[DATASET EXTRACT]:
══════════════════════════════

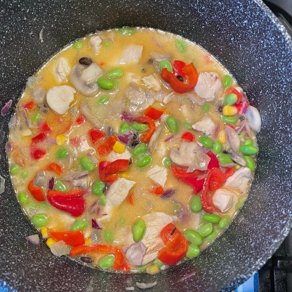 Een hele late blog want we zitten nu pas op de bank. Aggie en Geert zijn weg en de vaatwasser draait al. De restjes zijn in bakjes gedaan: daar kunnen we morgen nog van smullen. Zoals jullie misschien wel weten kijken we heel vaak de F1 races met Aggie en Geert. De ene keer bij hun en de andere keer bij ons. En wie ermee begonnen is weet ik niet meer maar tegenwoordig passen we het eten aan, aan het land waar de race verreden wordt. Vorige week zouden ze bij ons komen eten en had ik Mexicaanse recepten uitgezocht. Helaas waren ze ziek en werd het uitgesteld naar vandaag. Braziliaanse recepten vinden viel erg tegen. Gelukkig toch wat gevonden en vanochtend zijn we aan het koken gegaan. Als voorgerecht had ik Pittige Braziliaanse Mais soep. Erg lekker! Hier zit het nog in de pan maar in de soepkom zat er nog een babymais bij en bieslook en peterselie.
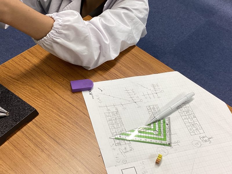 という手順で、ばねをいろいろ組み合わせて実験し、グラフにしていきました。
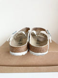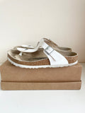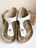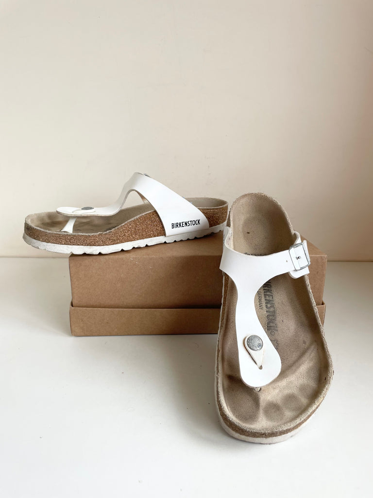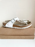 BIRKENSTOCK WHITE LEATHER TOE POST SLIDERS WITH BUCKLES SIZE 5/38

══════════════════════════════

[TRY IT]: Restate the data word for word and exclude every picture.

[TASK SOLUTION]:
 Een hele late blog want we zitten nu pas op de bank. Aggie en Geert zijn weg en de vaatwasser draait al. De restjes zijn in bakjes gedaan: daar kunnen we morgen nog van smullen. Zoals jullie misschien wel weten kijken we heel vaak de F1 races met Aggie en Geert. De ene keer bij hun en de andere keer bij ons. En wie ermee begonnen is weet ik niet meer maar tegenwoordig passen we het eten aan, aan het land waar de race verreden wordt. Vorige week zouden ze bij ons komen eten en had ik Mexicaanse recepten uitgezocht. Helaas waren ze ziek en werd het uitgesteld naar vandaag. Braziliaanse recepten vinden viel erg tegen. Gelukkig toch wat gevonden en vanochtend zijn we aan het koken gegaan. Als voorgerecht had ik Pittige Braziliaanse Mais soep. Erg lekker! Hier zit het nog in de pan maar in de soepkom zat er nog een babymais bij en bieslook en peterselie.
 という手順で、ばねをいろいろ組み合わせて実験し、グラフにしていきました。
 BIRKENSTOCK WHITE LEATHER TOE POST SLIDERS WITH BUCKLES SIZE 5/38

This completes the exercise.